For God So Loved the World

“FOR GOD SO LOVED THE WORLD”
John 3:14-21

I remember this as if it happened only yesterday. My son Andrew, four-years-old at the time, climbed into the family minivan with crumpled artwork in one small hand and a Power Rangers backpack dangling from the other. “Daddy,” he said, grinning, “I learned a new song at school today. Wanna hear it?” “Sure I do,” I replied. “Let’s hear it.” And without any fear of forgetting the lyrics or missing the notes, Andrew began: “I love you a bushel and a peck, a bushel and a peck and a hug around the neck.” The song ended with my four-year-old son giving me a peck on the cheek and a hug around the neck.

Were you to ask Andrew today about this preschool episode, he would likely say, “Nah, that never happened. Dad is losing his memory as rapidly as he’s losing his hair.” But it did happen. I could never lose or confuse a memory that precious. “I love you a bushel and a peck, a bushel and a peck and a hug around the neck.”

It’s difficult to imagine a more powerful or uplifting expression than “I love you”. Yet, what does the expression really mean? Philosophers and poets, lyricists and songwriters, have attempted to define love for millennia. The definition can range from serious commitment to mild infatuation—from “I love my spouse” to “I love hamburgers and hotdogs.” And to make matters more challenging, there are different types of love: parental love; marital love; romantic love; brotherly love; friendship love; even puppy love.

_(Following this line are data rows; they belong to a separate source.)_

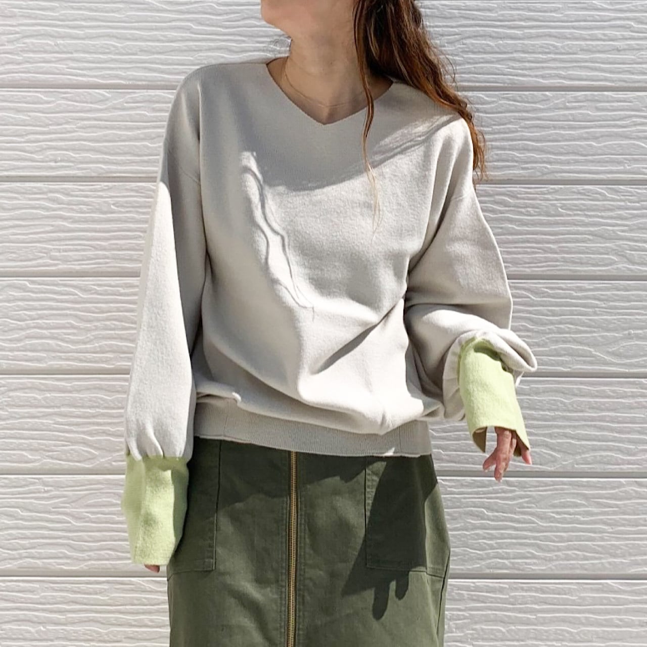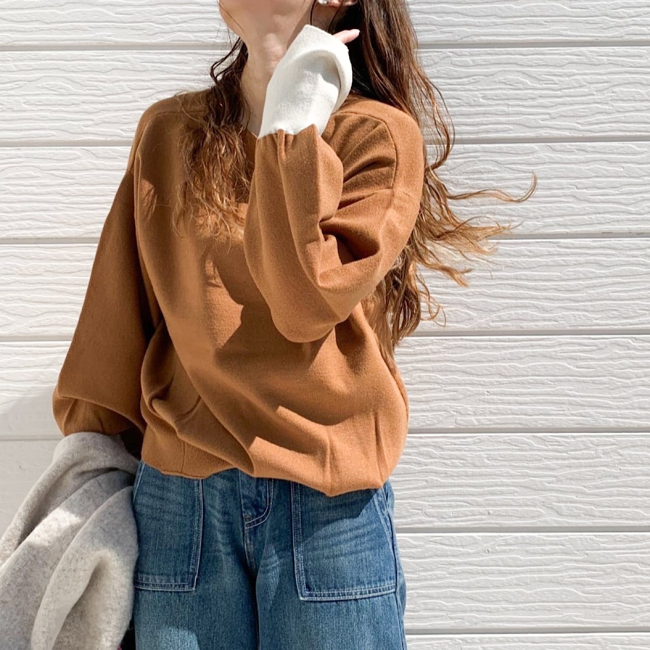 ベーシックなニットなので、様々なコーディネートに合わせていただけるヘビロテアイテムです。
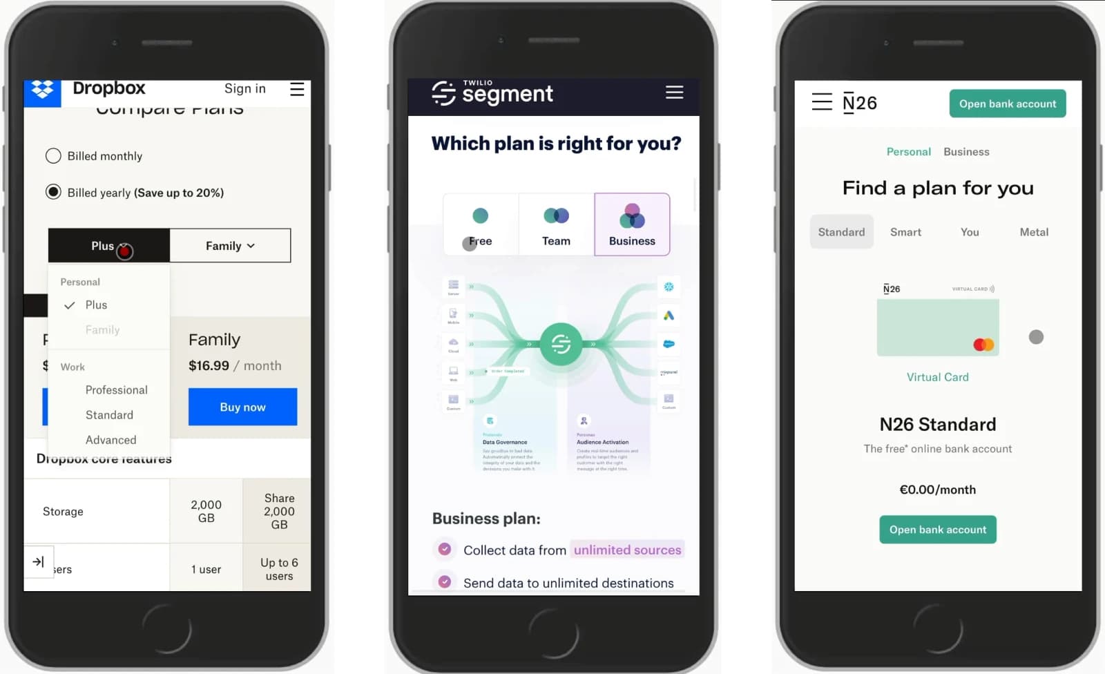 But it’s not necessary to allow users to see only one plan at a time. In fact, it’s likely that at least two plans could be displayed side-by-side. We can allow users to choose the plans of interest and show them next to each other. That’s the approach that Dropbox uses on mobile. Customers can choose 2 plans from the list of 5 existing plans and compare them side-by-side. Both Twilio Segment and N26 use tabs and swiping gestures to move between plans.
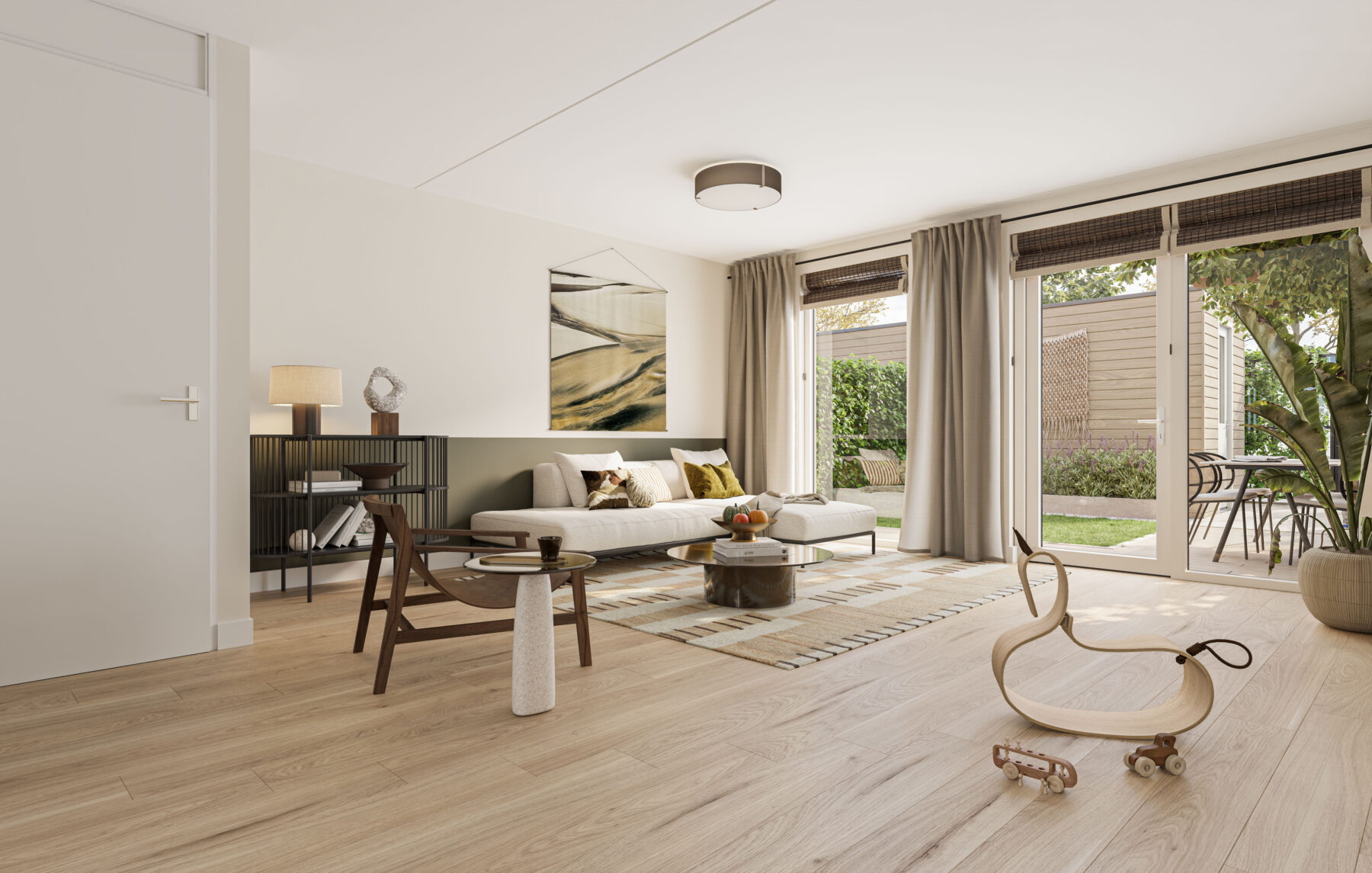 Met ramen over vrijwel de volledige achtergevel van de woning, geniet je bovendien volop van natuurlijk daglicht in huis.
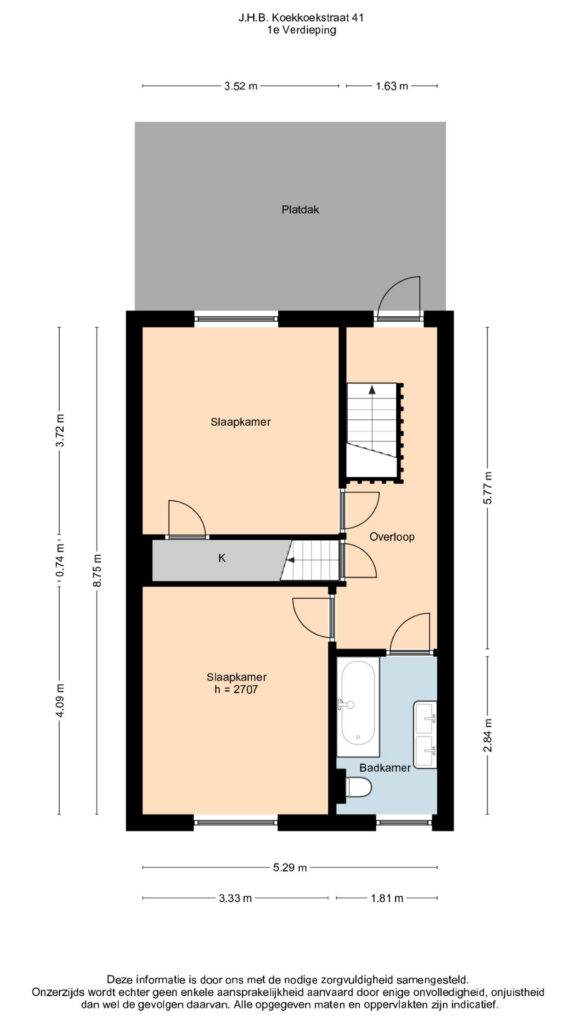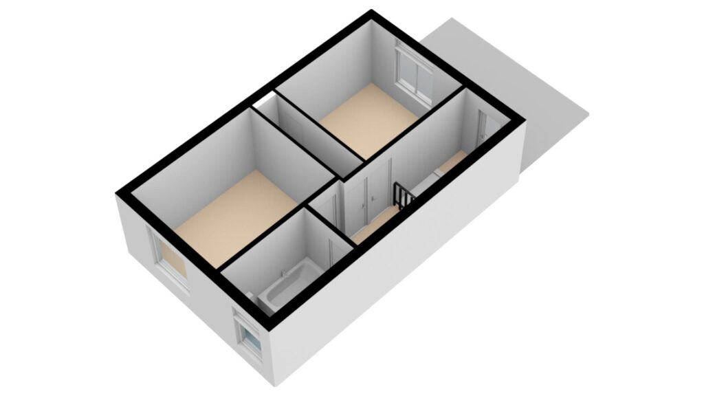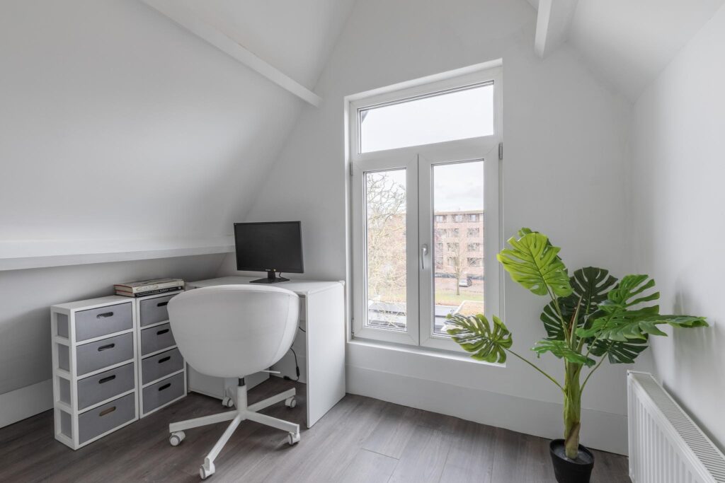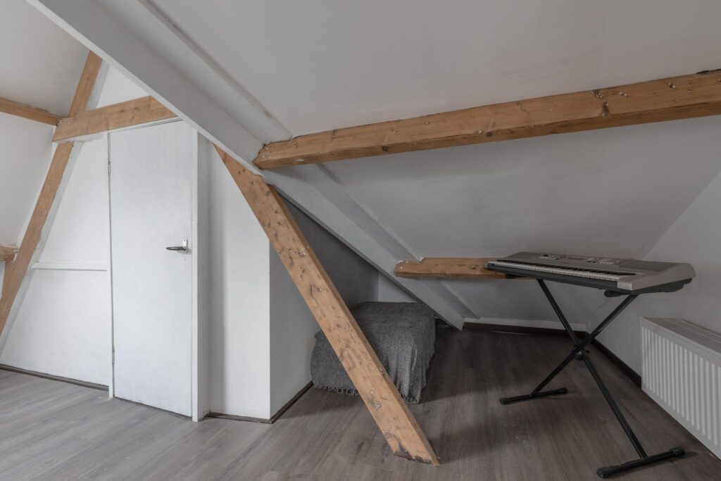 Op de ruime tweede verdieping is er voldoende ruimte voor opslag en toegang tot 2 slaapkamers c.q. werkkamer(s), waarvan de grootste kamer een plafondhoogte heeft van 2.82m!
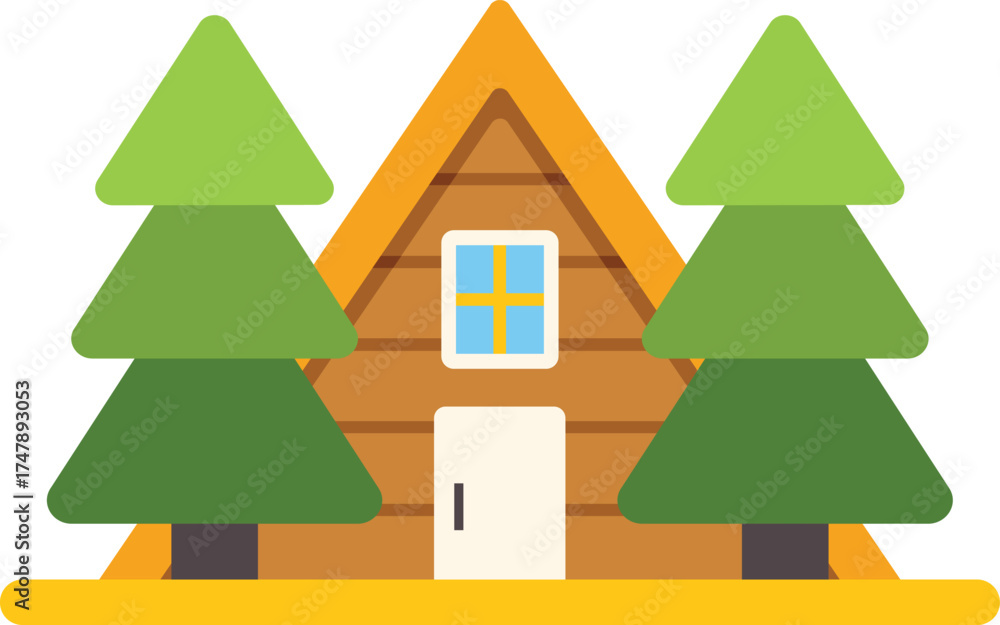 Cozy wooden cabin nestled among fir trees, evoking tranquility and escape in nature #1747893053
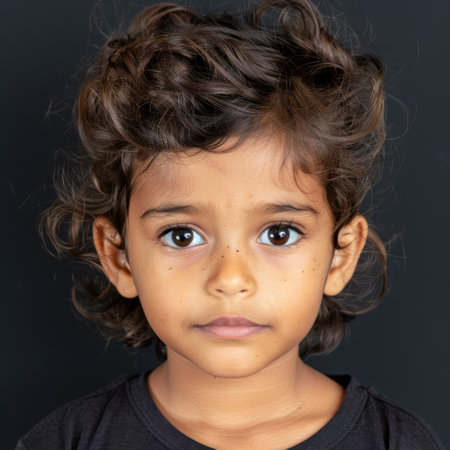 Bright eyes and a warm smile define this young boy, showcasing innocence and happiness. The simplicity of the setting enhances his joyful demeanor, reflecting a vibrant childhood in India.
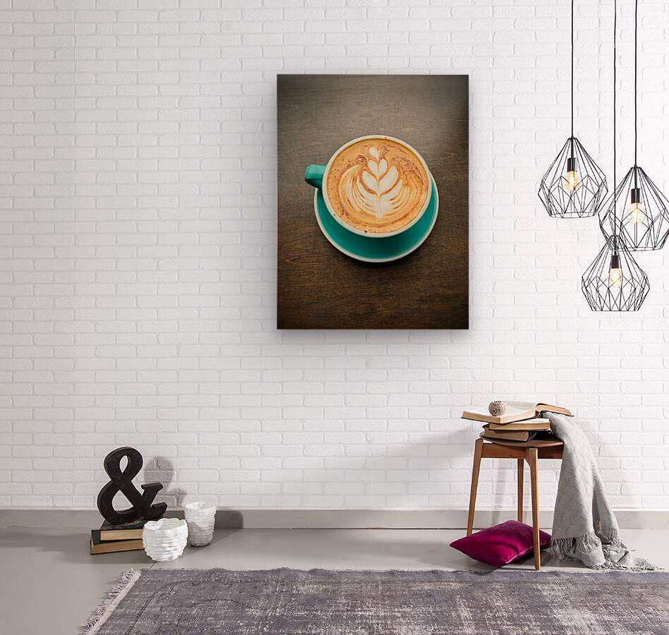 A minimalist photograph showcasing intricate latte art in a bold teal cup. Ideal for anyone who loves coffee and calm, this piece adds a comforting vi...[+]
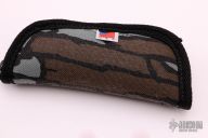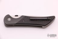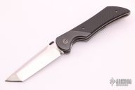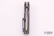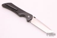 This Stingray from Sal Manaro features a hand rub satin finished tanto blade with swedge, Boye Dendritic Cobalt, checkered zirconium thumb disc and notched thumbrest. The handle is comprised of dovetailed zirconium bolsters, carbon fiber scales, orange peel finished titanium liners and checkered backspacer, tip up zirconium clip. Smooth action. Nice blade seating, detent, and lockup. Excellent condition. Includes a zippered case.
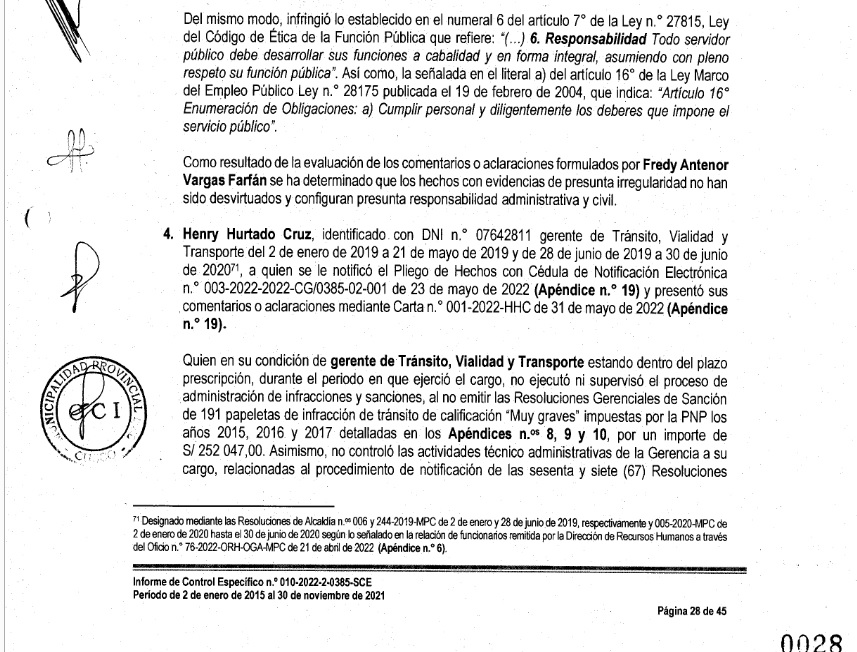 Henry Hurtado Cruz, estando dentro del plazo de prescripción, durante el periodo que ejerció el cargo, no ejecutó ni supervisó el proceso de administración de infracciones y sanciones, al no emitir resoluciones gerenciales de sanción de 191 papeletas de infracción de tránsito de calificación “muy graves” impuestas por la PNP en los años 2015,2016 y 2017 por un importe de S/252,047.00 soles.
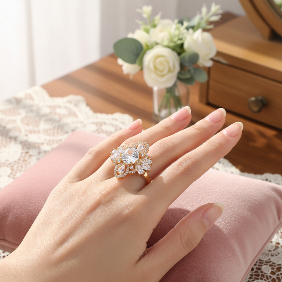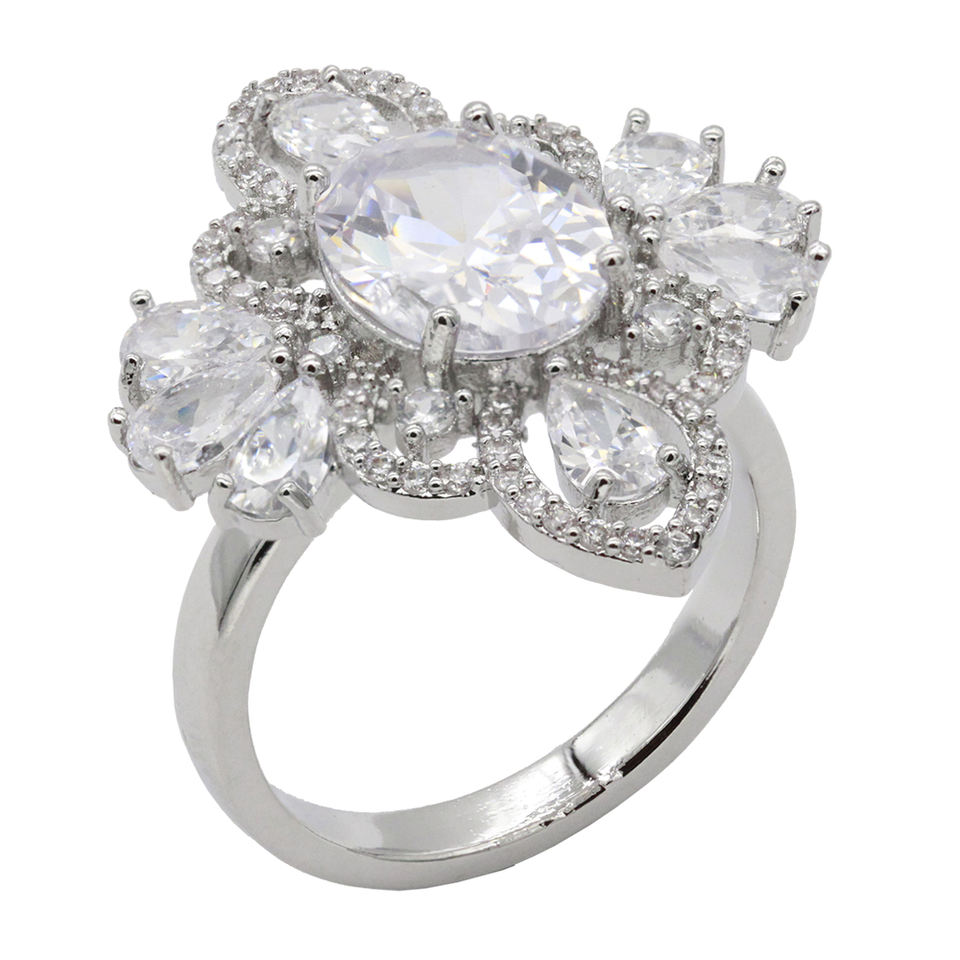Anelli moda a grappolo placcato oro rosa intarsio CZ regolabile con rodio e placcatura 18K taglia unica
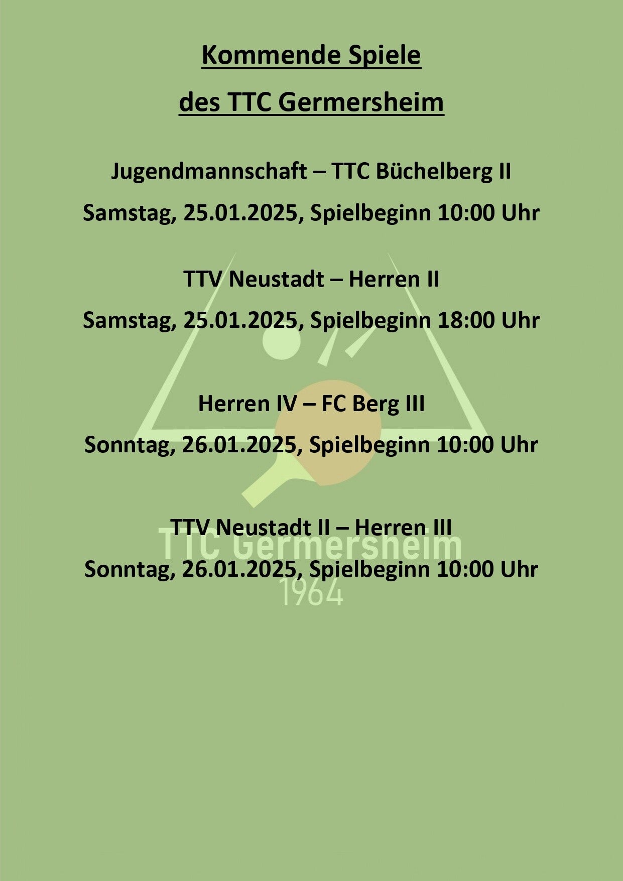 Kommende Spiele des TTC Germersheim
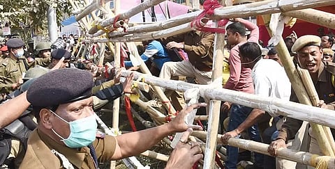GUWAHATI: On the last day of last session of the 14th Assam Legislative Assembly (ALA) three organizations continued to stage dharna at Dispur Last Gate on Saturday.
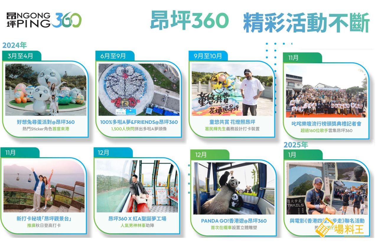 昂坪 360 過去一年推廣的市場活動亦廣受關注,當中包括於去年暑假舉辦的「100% 多啦 A 夢&FRIENDS@昂坪360」,組織 1,500 人快閃砌出多啦 A 夢頭像;去年 11 至 12 月與本地家傳戶曉品牌「紅 A」聯乘的「昂坪 360 x 紅 A 聖誕夢工場」,邀得人氣男神林峯助陣;以及近期與本地電影《香港四徑大步走》聯手推出為參賽健兒打氣的活動等。這些活動獲業界認可,奪得多項大獎。連同優質管理及貼心服務多個獎項,昂坪 360 在 2024 年共奪得 84 項大獎,數字為歷來最高。
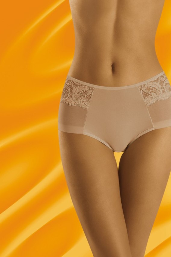 Figi pełne, zabudowane, bogato zdobione koronką. Tył z tiulu typu „clean cut” z bezszwowym wykończeniem nie odznaczającym się pod ubraniem.
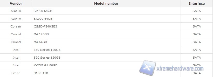 Di seguito trovate la lista degli SSD supportati:

Scripture is overflowing with expressions of God’s love. Jeremiah 31:3, “I have loved you with an everlasting love; I have drawn you with loving-kindness.” Or the heartwarming words of Psalm 103: He “crowns you with love and compassion,” verse 4; the “LORD is compassionate and gracious, slow to anger and abounding in love,” verse 8; for “as high as the heavens are above the earth, so great is His love for those who fear Him,” verse 11. Yet, what does God mean when He says “I love you”? What kind of love is God’s love? While the answer is given from Genesis to Revelation, nowhere is it more eloquently stated than in John 3:16, “For God so loved the world.”

When we hear this phrase, “God so loved the world,” we almost immediately equate “so loved” with “so much.” God loved the world so much that He gave His only begotten Son. This is certainly true. However, a more literal rendering of the Greek is “in this manner God so loved the world.” So John 3:16 not only describes the extent of God’s great love, but the characteristics of God’s great love. What are those characteristics?

In answering, let’s begin with God’s language of love. The New Testament was written in Greek; and ancient Greek used three words to describe love, each with a different meaning: PHILOS, EROS, and AGAPE. PHILOS is the love of devoted friendship. Jesus used this word in John 13, saying to His disciples, “You are my friends, if you do what I command.” EROS, while not used in the Bible, is the love of romanticism and intimacy.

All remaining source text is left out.